Но квартира была не моя. Мебель чужая — вся, кроме одного стула. И много книг, которых я не только не читала, но о которых даже не слышала. За исключением поваренной — она лежала на каминной полке. Повсюду малопонятный фон чужой жизни. Фотография в раме на одной из полок. Я взяла ее и стала рассматривать: молодая женщина с вьющимися волосами, руки засунуты в карманы стеганой куртки, широко улыбается, а за ней привольно раскинулись холмы. Красивый, беззаботный снимок, но я не узнавала этого лица. Мне казалось, что я никогда его не видела. Я собрала корреспонденцию у двери и перебрала конверты. Все письма были адресованы Джо Хупер, Джозефине Хупер или мисс Дж. Хупер. Я сложила их аккуратной стопкой на кухонном столе. Потом распечатает. Но, взглянув на увядшие цветы и оценив количество почты, поняла, что хозяйка отсутствовала давно.

Я открыла на своем компьютере файл «Почта» и стала ждать, пока на экране мигали крохотные часы. Прозвучала мелодичная трель. Я получила тридцать два новых сообщения — все из неизвестных мне организаций, которые извещали о малозначимых вещах.

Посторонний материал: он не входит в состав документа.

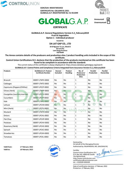 - Thời gian: 90-100 ngày. - Hạt giống: Giống thuần chủng, không biến đổi gen. - Nguồn nước: nước ngầm, không ô nhiễm. - Phân bón: phân hữu cơ. |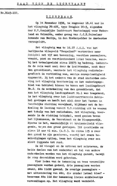 14.11.1938 PH-ARY Douglas DC-3 Schiphol Duimelaar, J.J.E. Tegen
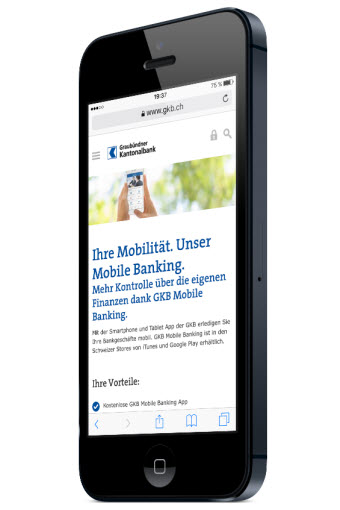 Mobiles Internet ist zentraler Bestandteil im Alltag. Immer mehr Menschen nutzen ihr Smartphone oder Tablet, um einfach und bequem Informationen aus dem Web abzurufen oder Bankgeschäfte zu erledigen. Der neue Internetauftritt der Graubündner Kantonalbank mit seiner reaktionsfähigen Benutzeroberfläche optimiert sämtliche Inhalte und sorgt für eine ideale Darstellung auf allen Ausgabegeräten.

Я колебалась, не зная, что делать дальше в этой безмолвной комнате. Затем вышла в коридор и толкнула первую дверь. Створка отворилась, и я оказалась в спальне, где был теплый радиатор, а шторы раздвинуты. Я включила свет. Кровать была убранной, в ногах — три бархатные подушечки, на большой подушке две красные, в клетку, пижамы. На крюке у двери — бледно-лиловый халат, на полу — шлепанцы. На комодике стоял старинный флакон для духов, баночка с бальзамом для губ, серебряный медальон и еще одна фотография — на этот раз крупный план щетинистого мужского лица. Он был похож на итальянца — темный, с невероятно длинными ресницами. Вокруг глаз лучились морщинки — он улыбался. Я открыла шкаф. Черное платье, шерстяная юбка, кардиган. Все это принадлежало кому-то другому. Приподняла крышку корзины для прачечной. Пусто. Только пара белых трусиков и носки.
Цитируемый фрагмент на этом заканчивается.